═══ DATA FOR THIS TASK

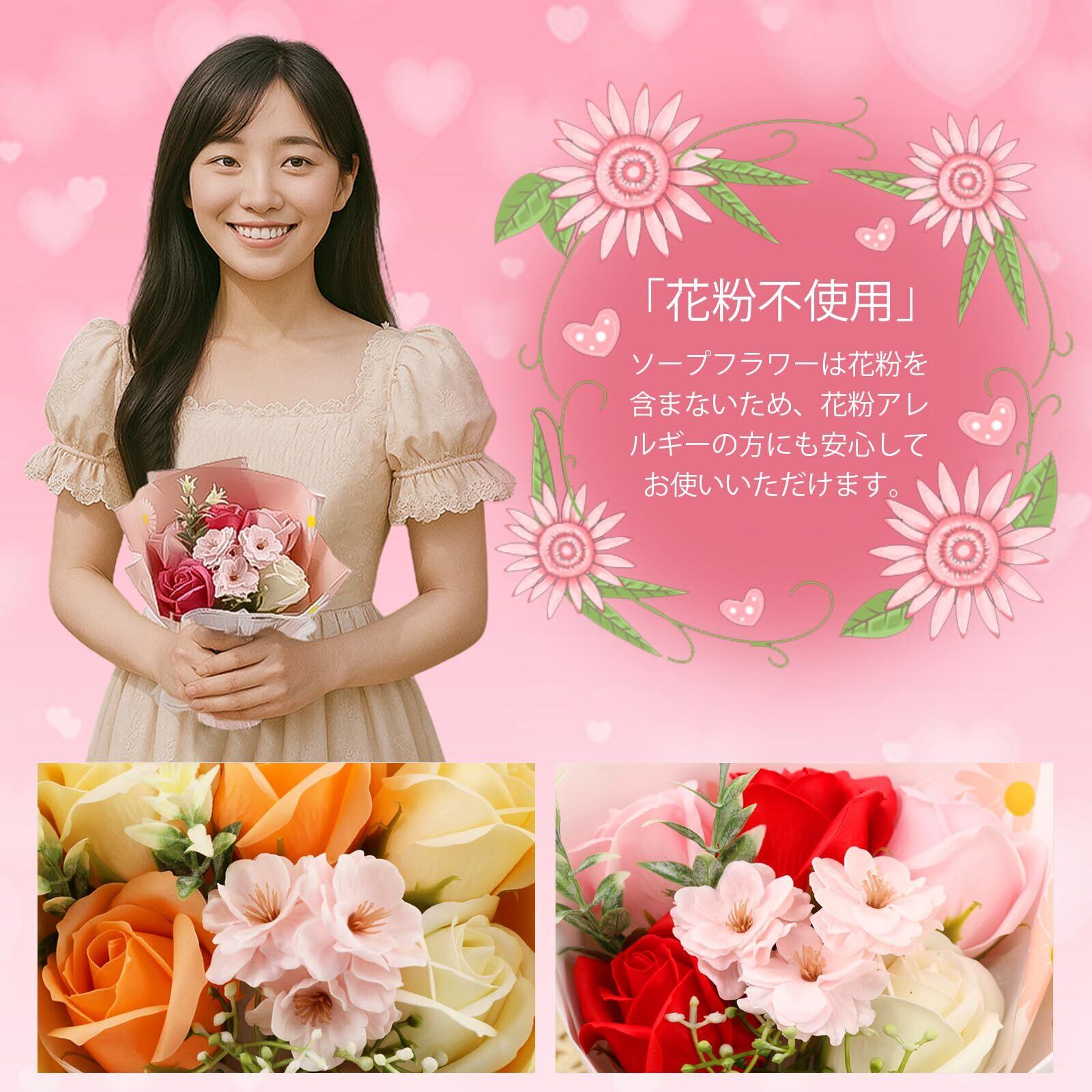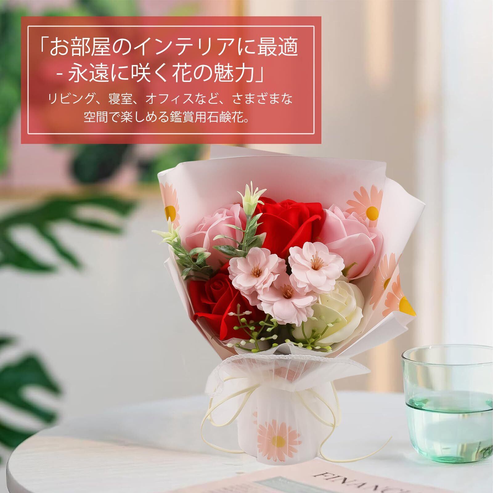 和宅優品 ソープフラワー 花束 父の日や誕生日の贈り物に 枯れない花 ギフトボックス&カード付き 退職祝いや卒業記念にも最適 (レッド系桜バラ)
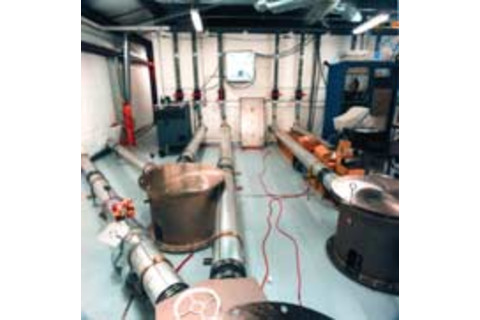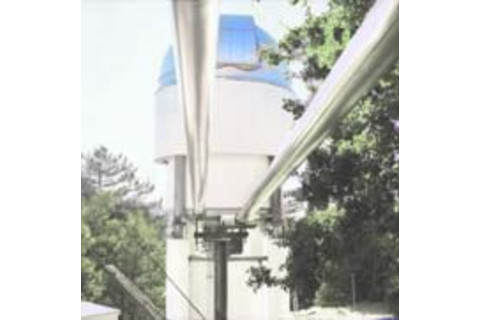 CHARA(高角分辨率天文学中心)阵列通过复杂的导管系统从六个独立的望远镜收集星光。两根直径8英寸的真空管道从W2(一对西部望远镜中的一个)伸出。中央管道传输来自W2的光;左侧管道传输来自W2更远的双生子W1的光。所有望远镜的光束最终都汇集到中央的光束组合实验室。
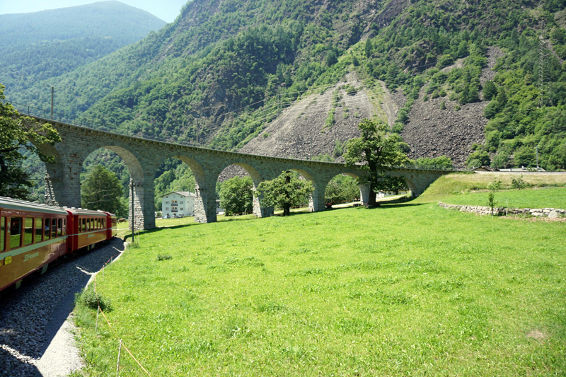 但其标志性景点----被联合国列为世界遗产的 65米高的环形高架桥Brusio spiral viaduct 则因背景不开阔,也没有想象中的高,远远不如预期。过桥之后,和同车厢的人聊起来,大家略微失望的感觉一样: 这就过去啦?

══════
═══ DATA FOR THIS TASK

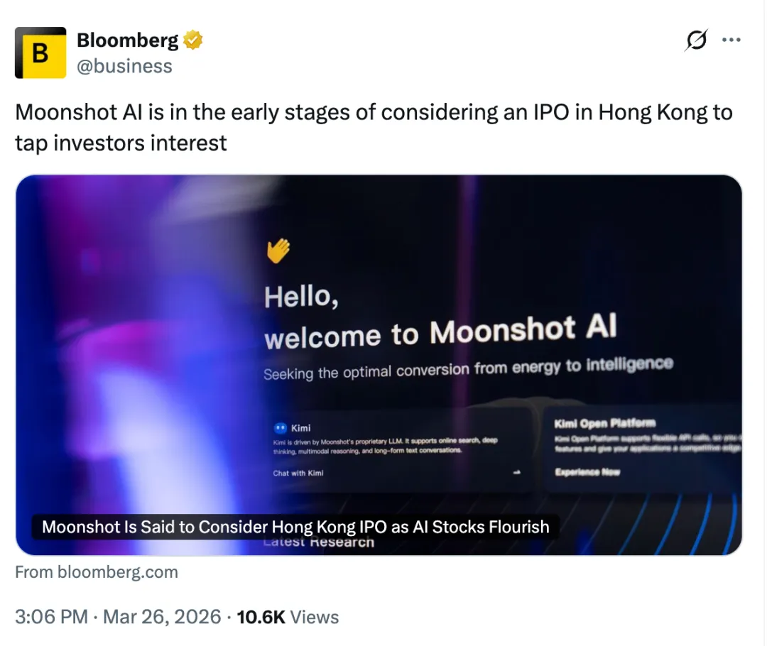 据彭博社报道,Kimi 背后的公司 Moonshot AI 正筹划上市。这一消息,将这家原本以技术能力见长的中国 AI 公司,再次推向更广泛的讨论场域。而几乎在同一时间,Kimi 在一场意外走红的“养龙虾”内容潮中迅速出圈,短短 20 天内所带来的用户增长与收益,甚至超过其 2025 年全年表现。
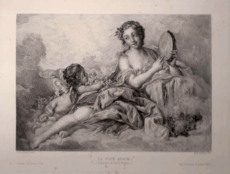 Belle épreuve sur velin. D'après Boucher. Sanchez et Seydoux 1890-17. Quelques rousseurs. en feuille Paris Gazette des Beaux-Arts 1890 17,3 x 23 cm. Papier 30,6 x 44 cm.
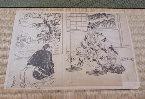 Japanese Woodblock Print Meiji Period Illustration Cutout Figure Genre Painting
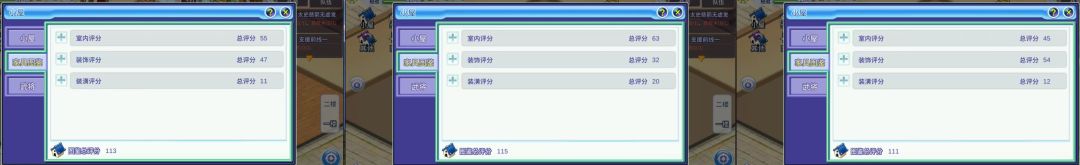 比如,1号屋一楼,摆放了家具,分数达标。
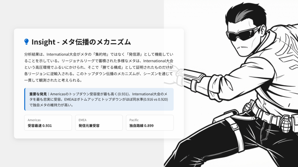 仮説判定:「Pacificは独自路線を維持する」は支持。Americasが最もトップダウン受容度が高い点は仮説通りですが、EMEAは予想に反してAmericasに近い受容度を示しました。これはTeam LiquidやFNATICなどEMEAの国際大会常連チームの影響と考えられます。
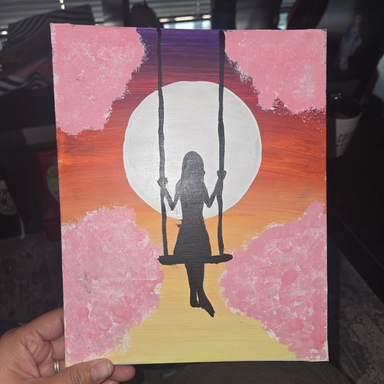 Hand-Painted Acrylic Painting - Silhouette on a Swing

══════
═══ DATA FOR THIS TASK

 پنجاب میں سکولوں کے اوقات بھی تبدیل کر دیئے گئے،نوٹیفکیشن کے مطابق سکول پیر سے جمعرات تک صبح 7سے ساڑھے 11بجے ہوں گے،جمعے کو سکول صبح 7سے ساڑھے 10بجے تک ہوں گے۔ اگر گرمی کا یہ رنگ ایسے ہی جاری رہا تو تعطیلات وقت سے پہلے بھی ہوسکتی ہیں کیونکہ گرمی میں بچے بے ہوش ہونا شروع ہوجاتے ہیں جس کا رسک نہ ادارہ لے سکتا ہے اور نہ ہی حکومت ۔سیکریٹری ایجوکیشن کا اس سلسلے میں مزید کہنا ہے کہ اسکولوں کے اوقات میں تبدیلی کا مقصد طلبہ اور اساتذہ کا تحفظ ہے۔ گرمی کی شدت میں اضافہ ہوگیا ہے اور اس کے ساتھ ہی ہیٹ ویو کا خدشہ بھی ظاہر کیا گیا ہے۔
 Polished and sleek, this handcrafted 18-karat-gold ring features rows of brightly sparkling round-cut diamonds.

══════

Using the listing above, reproduce word for word every line from the one containing "和宅優品 ソープフラワー 花束" through the one containing "但其标志性景点----被联合国列为世界遗产的 65米高的环形高架桥Brusio spiral". Pictures must be left out.

 和宅優品 ソープフラワー 花束 父の日や誕生日の贈り物に 枯れない花 ギフトボックス&カード付き 退職祝いや卒業記念にも最適 (レッド系桜バラ)
 CHARA(高角分辨率天文学中心)阵列通过复杂的导管系统从六个独立的望远镜收集星光。两根直径8英寸的真空管道从W2(一对西部望远镜中的一个)伸出。中央管道传输来自W2的光;左侧管道传输来自W2更远的双生子W1的光。所有望远镜的光束最终都汇集到中央的光束组合实验室。
 但其标志性景点----被联合国列为世界遗产的 65米高的环形高架桥Brusio spiral viaduct 则因背景不开阔,也没有想象中的高,远远不如预期。过桥之后,和同车厢的人聊起来,大家略微失望的感觉一样: 这就过去啦?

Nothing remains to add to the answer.